For a start, fungi play a central role in scientific research. “Yeasts are the models for eukaryotic biology,” says Henk. This is a reminder that as fellow eukaryotes – organisms whose cells contain a nucleus – we are more closely related to fungi than we often think. In biotechnology, they are invaluable. “Fungi are a fantastic tool,” he says. They have a wide and expanding repertoire, such as the fermentation of foods, the mass production of key chemicals such as ethanol and citrate, and sustainable building materials. Their ability to produce antibiotics to kill bacteria has been harnessed by the pharmaceutical industry since the discovery of penicillin, and fungi continue to be a potential source of new antibiotics in an age of drug resistance. Recent research has even identified alpha-amanitin as a possible revolutionary cancer treatment.

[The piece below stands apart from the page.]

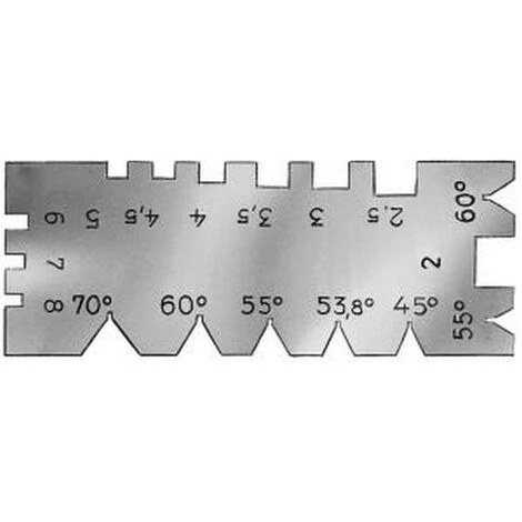 Calibre d’affûtage pour outil à fileter universel Filetage pointu : 55, 60 ° – Pour filetage trapézoïdal de 2- 12 mm/Pas et filet carré 2- 8 pas/pouce – Toutes les entailles sont fraisées proprement

Fungi are also vital components of ecosystems. “They drive a lot of nutrient cycling through microbial communities and their often-symbiotic interactions with plants,” says Henk. They can be used in ecosystem regeneration and can signal broad environmental shifts, including those driven by climate change. “Fungi are agents of change in ecosystems,” says Fraser. Yet they are often ignored in ecological studies and conservation efforts, which leaves a major blind spot in our understanding of the natural world. And there is a darker reason why they warrant our attention, according to Henk: chemicals used to protect crops against fungal diseases are contributing to the emergence of resistant strains of fungi that can infect and kill humans. “Over a million deaths a year are attributable to fungi,” says Henk, and only a few hundred of these are from eating toxic mushrooms.

We may feel helpless against the power of agribusiness, but at least we can control the personal risks stemming from poisoning. Around the world, many cultures respect and value mushrooms, combining traditional knowledge and ecological understanding to identify and avoid dangerous species. Fraser thinks foraging is a good way for anyone to educate themselves about the fungal kingdom and to appreciate it. She points to research showing that foraging also develops environmental awareness and a stronger connection to nature. Even for people who have no intention of eating fungi, there is immense value in observing them and “joy in interacting with mushrooms in nature”, she says.

With more knowledge, perhaps the death cap will instil fascination rather than fear. The complex biology of this mushroom provides a window into the diversity, adaptability and ecological significance of an entire kingdom. It is evolving and, argues Henk, so must our attitudes. Compared with some disease-causing fungi, A. phalloides poses little threat; we should instead be concerned about the real dangers and benefits this branch of the tree of life can bring. “The fungal kingdom cannot be overlooked,” says Henk.